This one is a pound and a half. Caught on a Zoom shaky head worm. Short is clearly happy to have a limit. He is fishing on top of an old road bed.
Fletcher Shryock worked on a limit in a hurry.
After Ike went on his way, we noticed Roumbanis had moved to the bank.
"I was hoping Ike would buzz through this," he said. "I've caught all my fish here."
Where Ike was moving and stroking, Roumbanis is much slower and methodical.
After a few minutes he hooks up with his second keeper, a spotted bass a little more than a pound.
He's had a couple more bites, but most are short striking. But you can almost read his body language and tell he thinks he's getting ready to get a bite.
Meanwhile the rain isn't letting up, making typing and shooting photos a chore.
That photo is Kevin Short holding a catfish. "Right weight, wrong species."

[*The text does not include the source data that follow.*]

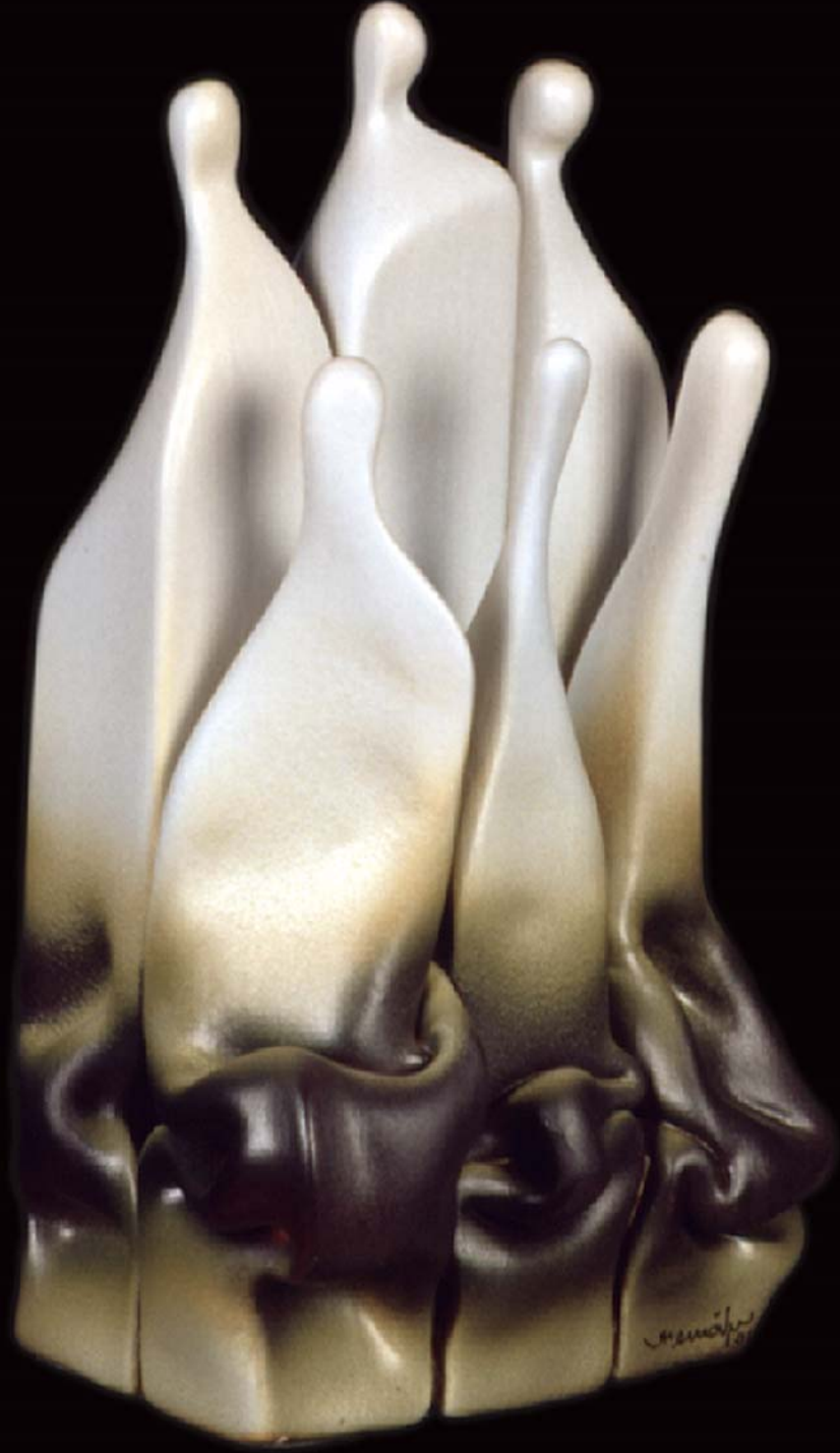
İnsan Yapıları , 2001, h: 30cm., Stoneware - 1200° C.
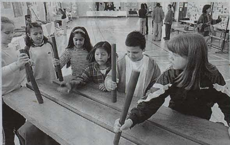
Kulturen arteko trukaketa sustatzeko asmoz, Kulturen Astea egin dute, bigarrenenez, Lizarrako Remontibal eskola publikoan.
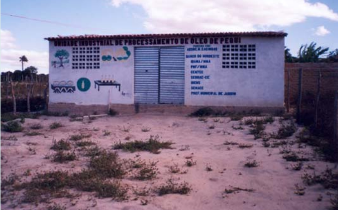
Fábrica de processamento de óleo de piqui, Cacimbas
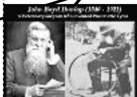
John Boyd Dunlop (Ecosse) : les pneumatiques 1887
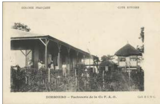
DIMBOKRO - Factorerie de la Cie F. A. O.
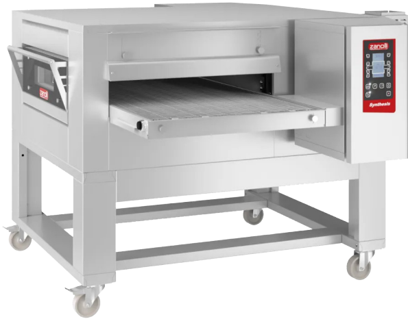
MODEL: SYNTHESIS 11/65 GAS/MC DIG
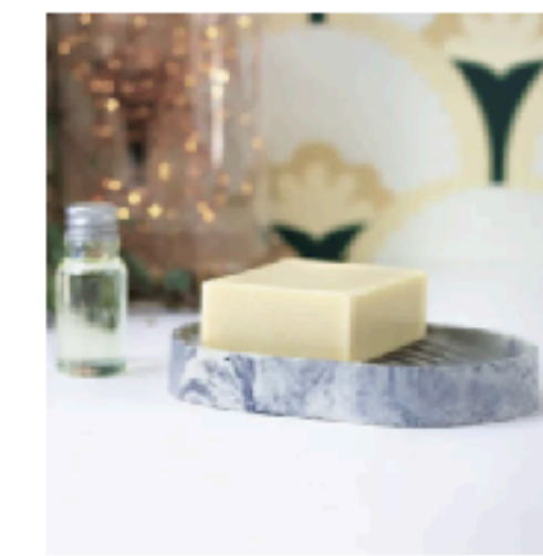
Concrete Soap Holder
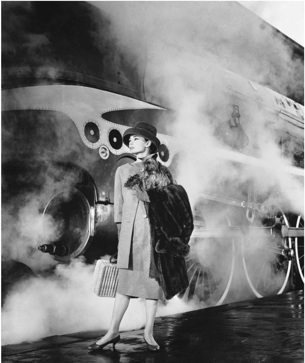
Imagem 5 - Audrey Hepburn por Richard Avedon ( Funny Face , 1956)
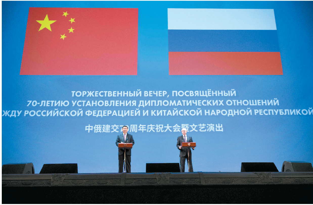
6月5日,国家主席习近平和俄罗斯总统普京在莫斯科大剧院共同出席中俄建交70周年纪念大会并观看文艺演出。

伟的目标。俄方愿同中方一道,为更好造福两国人民而共同努力。 在热烈掌声中,习近平发表题为《携手努力,并肩前行,开创新时代中俄关系的美好未来》的致辞。 习近平说,今天,我们隆重庆祝中俄建交70周年,共同迎来两国关系又一个历史性时刻。我们不会忘记,在艰苦卓绝的卫国战争和抗日战争期间,中苏军民并肩作战、共同抗击法西斯侵略,用鲜血铸就了牢不可破的战斗情谊。在中华人民共和国成立的第二天,苏联即承认并同新中国建立外交关系。在新中国建设百废待兴的岁月里,大批苏联专家用智慧和汗水帮助新中国奠定了工业化基础,也书就了中俄人民友谊的佳话。进入21世纪,双方签署具有里程碑意义的《中俄睦邻友好合作条约》。两国关系提升为全面战略协作伙伴关系,为推动建设新型国际关系、构建人类命运共同体树立了典范。 习近平强调,经过70年风云变幻考验,中俄关系愈加成熟、稳定、坚韧。我和普京总统宣布发展中俄
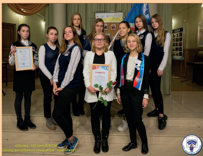
Юбилей 100 лет ВЛКСМ Центр молодёжных инициатив «Тинейджер+»

В конце октября в культурно-досуговом центре «Московский» прошёл фестиваль «Наследники», посвящённый двадцатилетию центра молодёжных инициатив «Тинейджер+». Команда нашего актива теперь входит в ЦМИ «Тинейджер+» и является обладателем собственного флага с символикой организации.
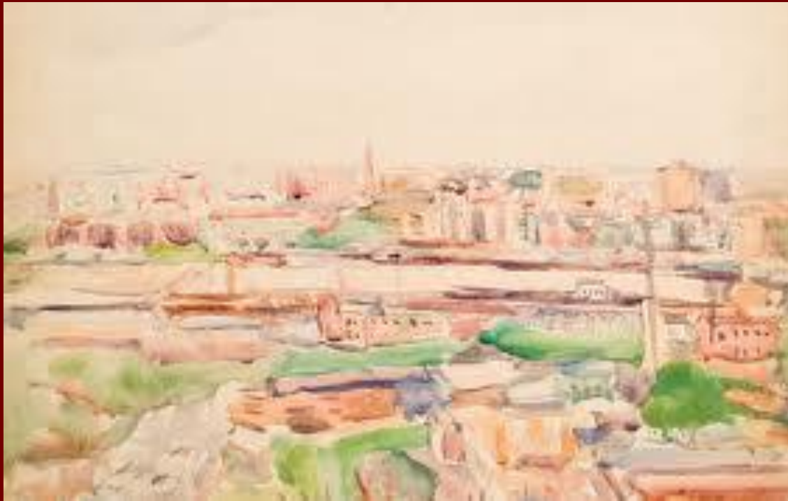
Эскиз города. Композиция №7. 1930-е Бумага, акварель.

В 1933 году состоялась единственная прижизненная персональная выставка Лентулова на которой, наряду с картинами, написанными в советское время были представлены все его знаменитые произведения середины 1910-х годов, выставлявшиеся на выставках "Бубнового валета".
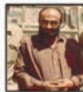
شهید حاج برنسی نائینی فرمانده پدافند جنگ جبهه جوار کربلا
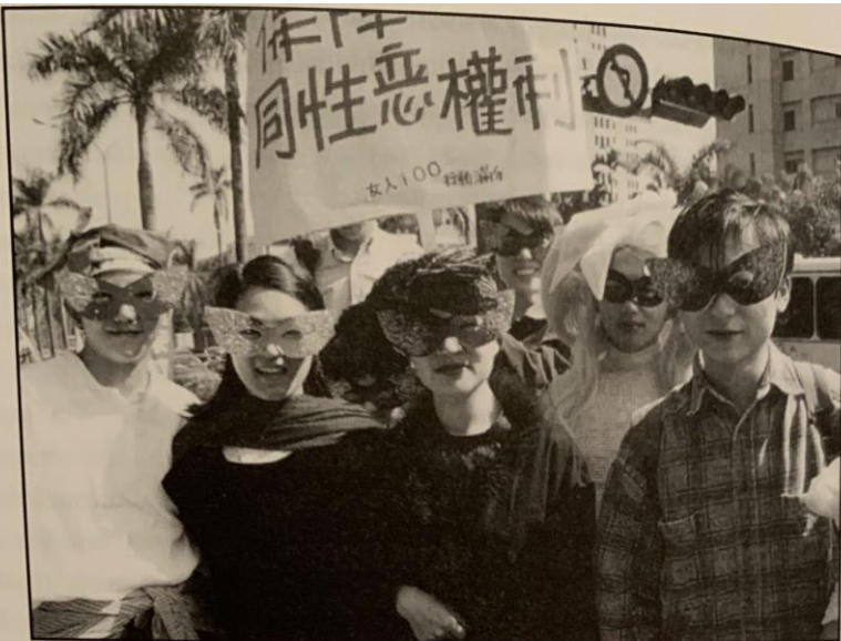
Photograph 7.1 Masked tongzhi demonstrators at the 1996 Women's Day march. The placard reads 'Protect tongxinglian rights'.
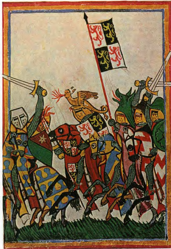
De slag bij Woeringen. Op de helm van hertog Jan I een vuurspuwende draak

Deze bekende veldslag bij Woeringen wordt rond 1290 door de historiograaf Jan van Heelu (ofwel Van Leeuwen) in een rijmkroniek beschreven. 18 Hij componeert zijn heldendicht voor een hoofs, ridderlijk auditorium. Want een dergelijk heldhaftig epos voordragen past toch uitstekend bij feestelijke bijeenkomsten aan het hertogelijke hof of in de ridderzalen van andere helden van Woeringen. Daarom roemt hij de heldhaftige daden van alle deelnemers aan Brabantse zijde. Hij wil niemand overslaan en niemand in zijn eer krenken. De historische feiten die erin vermeld worden, zijn zeker betrouwbaar, omdat Heelu als ooggetuige van de veldslag al twee jaar na dit gevecht zijn oeuvre schrijft. Maar zijn interpretaties zijn 'Brabants' gekleurd . 19 De kroniekschrijver draagt zijn werk immers op aan Margaretha van York, de Engelse koningsdochter en de verloofde van Jan II, de oudste zoon van hertog Jan I van Brabant. Bovendien heeft hertog Jan I of anders zeker één van zijn leenmannen uit het Nederlandse deel van zijn hertogdom aan Heelu opdracht gegeven om dit epos te schrijven.

I used the opportunity to ask him why pink is his signature color. I kinda assumed it had something to do with breast cancer. But no, he wanted a signature color that no one else had.
"I was working for Farm Bureau at the time and they had a pink shirt with a logo on it, and whenever I wore it I got positive comments. Mostly from women. My wife, Kerry, and I talked about it. She thought pink was a good direction to go in and I trusted her. I knew it was the right decision when Skeet saw it for the first time time — he just looked at me and said, NICE!"
James Overstreet and I followed Mark Davis up Wehadkee Creek under the Highway 109 bridge before the latest cloudburst. Then it started raining so hard we couldn't see.
Obviously, it made for difficult driving conditions as well. As we motored back, police cars and an ambulance were surrounding a one-vehicle accident on the bridge. The single passenger emerged with a head bandage but appeared to be in relatively good condition.
Brian Snowden is fishing down the bank toward the bridge. "Fishing a wreck" doesn't mean the same thing here as it does in saltwater, but we did see Snowden catch a short fish.
We didn't see Davis catch anything when we were on him. We got out of cell service there, too. We're off to chase down some other Elites in the rain.
Kevin Short with keeper No. 4. This one is a little bigger at 1 pound, 10 ounces. He caught this one on a little Zoom shaky head.
Reese is locked on a bed in the back of a short pocket. He pulls up before we get near him and moves out.
Although Reese is fishing in a small area, he's staying on the move. He's giving us a seminar on how to run and gun in a 100-acre creek.
Reese catches a small one on a jerkbait, his first keeper of the day.
The sky has opened up with a serious downpour. My smart phone is beginning to go into a funk. Reese sets up on another bed. I doubt he can see the bass in the pouring rain. He must know where the beds are from the previous two days on the water. Reese catches another keeper as we take refuge under a boat slip. Hope the owner doesn't mind.
We move over to Iaconelli. He has one keeper.
It's pouring down rain, but he's not giving up.
He's moving and casting down the bank like it was a sunny day.
He's moving in classic Ike style. And the next thing you know he's off.
We've caught up with Brian Snowden. He's working the shoreline with a topwater. We get near and he switches to a sinking-style bait.
"I just had a 3-pounder get all over it," he said. "I'm hoping he'll come back."
Snowden doesn't have a keeper. He says he's never been so confused by a fishery.
A few seconds later fish begin breaking next to his boat. He fires his topwater that way and hooks up with a white bass.
It is pouring rain now. And Short has reeled in keeper No. 3. Small, but in these conditions, just getting fish in the livewell is a win.